On 2015 Sep 29, Lydia Maniatis commented:
No matter how much I tried, I found it impossible to stabilise a sense of how the authors are defining and/or and evaluating photometric effect and geometric effect. The definitions are not straightforward and completely tied to the specific conditions and datasets:
Photometric effect: "The data separate by color in the plots with the separation increasing with the difference between upper and lower plane context illuminant. We refer to this as a photometric effect because, across illuminant context conditions, the geometry is held constant."
Geometric effect: "Finally, there is a geometric effect: The lightness of the probe tab changes as it is moved from the in-plane to the out-plane orientation."
And the analysis: "We quantified the photometric effect for each illuminant change condition as the mean difference between the matches for all probe tabs whose immediate surround was primarily the lower context plane and all matches whose immediate surround was primarily the upper context plane. We quantified the geometric effect for each illuminant change condition as follows. First, we found the slope of the line connecting the pair of data points for each background plane and illuminant change condition (the slopes of the red lines shown in Figure 3; slopes represented in units of change in log10 match reflectance per 90° of tab angle rotation). We then took as a measure of the geometric effect for each illuminant change condition the average of the upper and lower context plane slopes."

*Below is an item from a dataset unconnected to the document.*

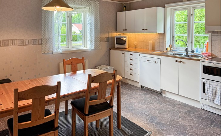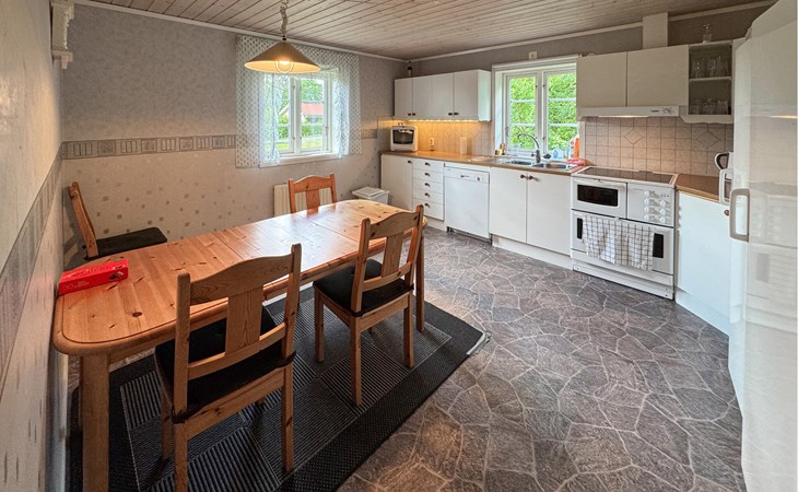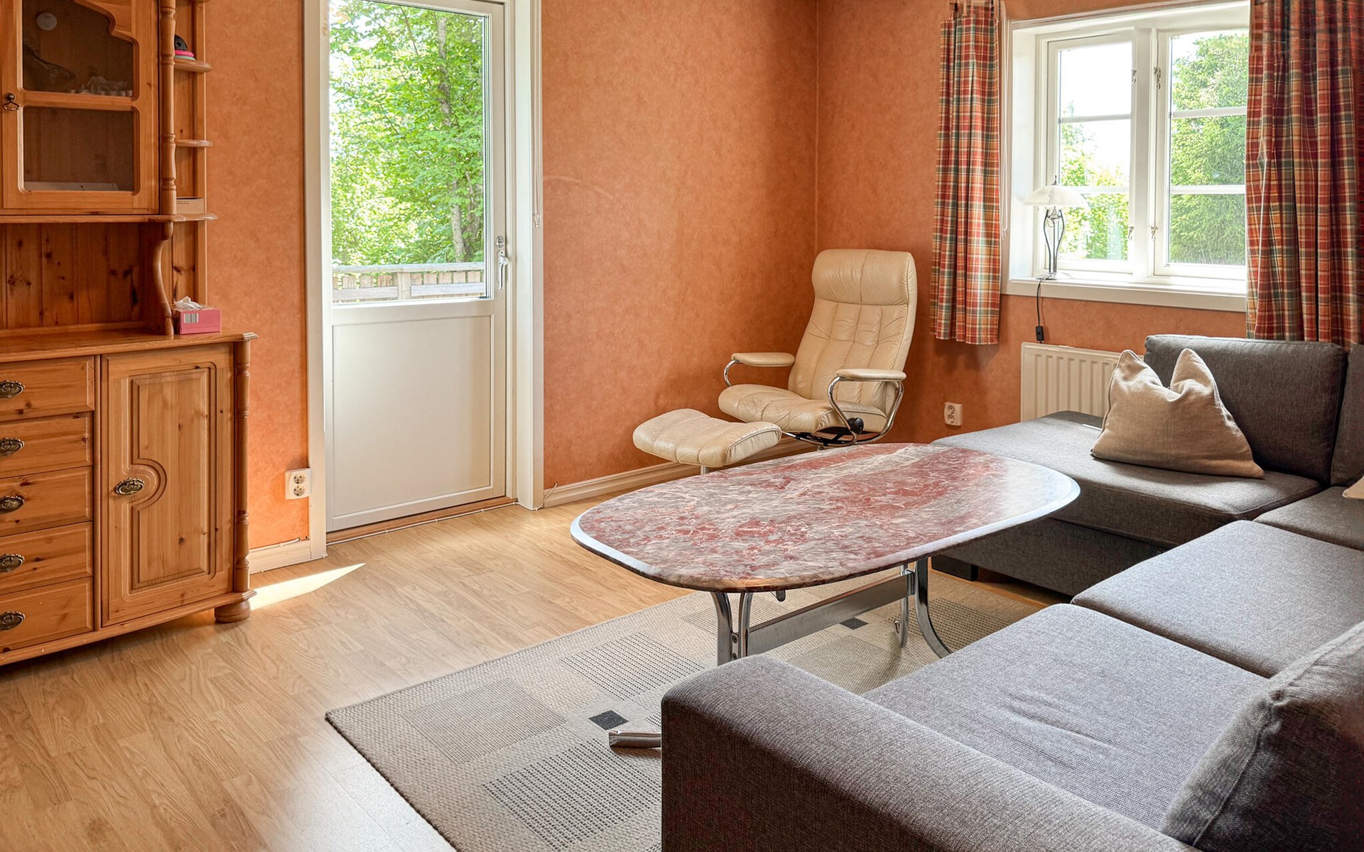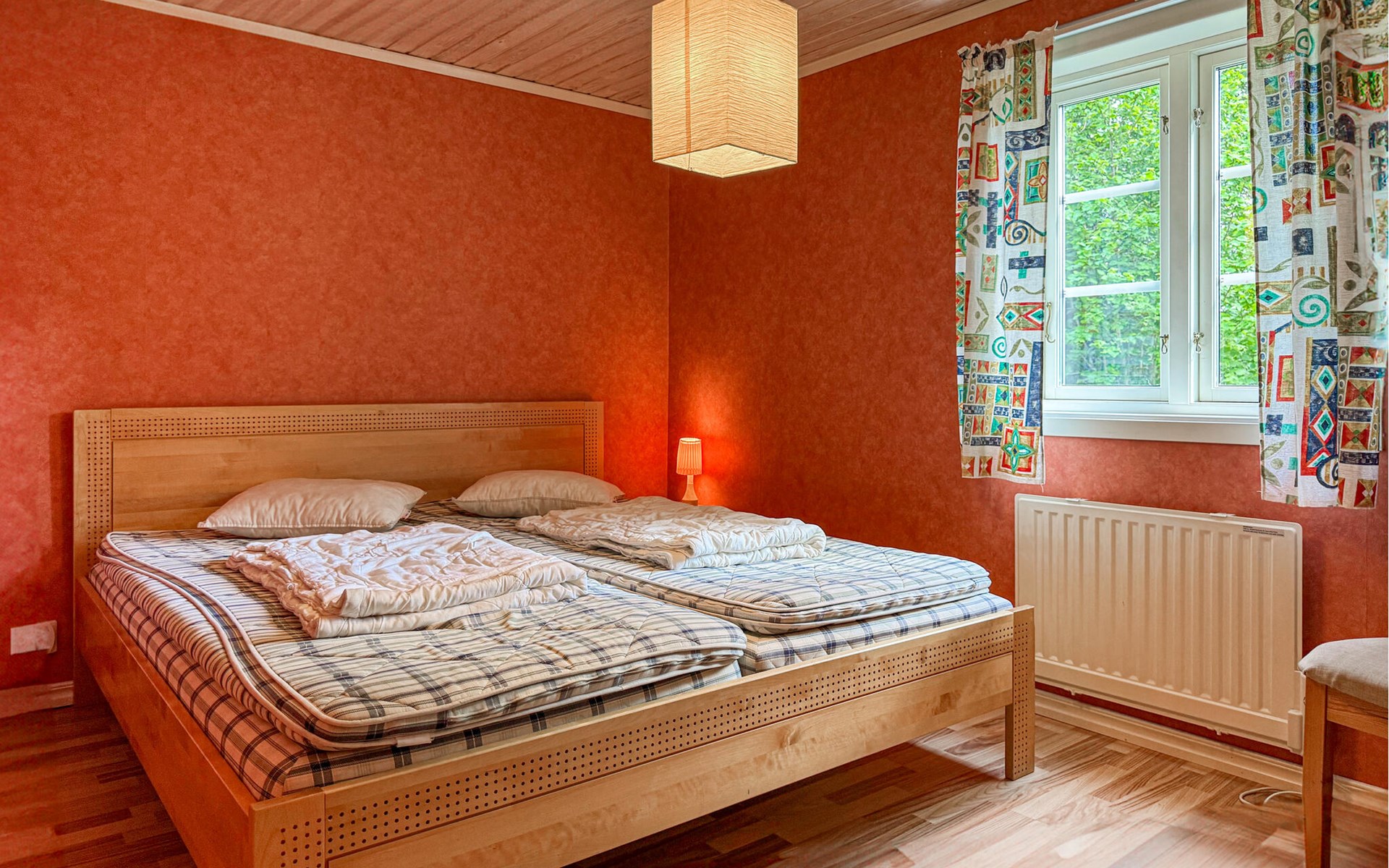 Right on the shores of the tranquil Spexhultasjön, this friendly holiday home invites you to spend relaxing days away from everyday life. Look forward to harmonious meals at the cosily lit dining table, spend time with your loved ones during cheerful games evenings and listen to the soft crackling of the Norwegian stove while reading in the inviting living room.

The vagueness of the title is explained.
Prizes to anyone who finds this statement intelligible: "Interestingly, the magnitudes of the photometric and geometric effects covaried with the changes in photometric context as revealed by the fact that both scaled linearly with the magnitude of the illuminant change. This is a form of independence: We only need to know the slope of each line to predict the sizes of the photometric and geometric effects for any illuminant change. To put it another way, the relationship between photometric and geometric effects is independent of the size of the illuminant change."
Conclusion: A surface that appears coplanar with a darker one/shadowed will appear lighter than a surface that appears coplanar with a lighter one, but the retinal background will also have some effect. A trivial and predictable result that is almost impossible to make out in this convoluted presentation.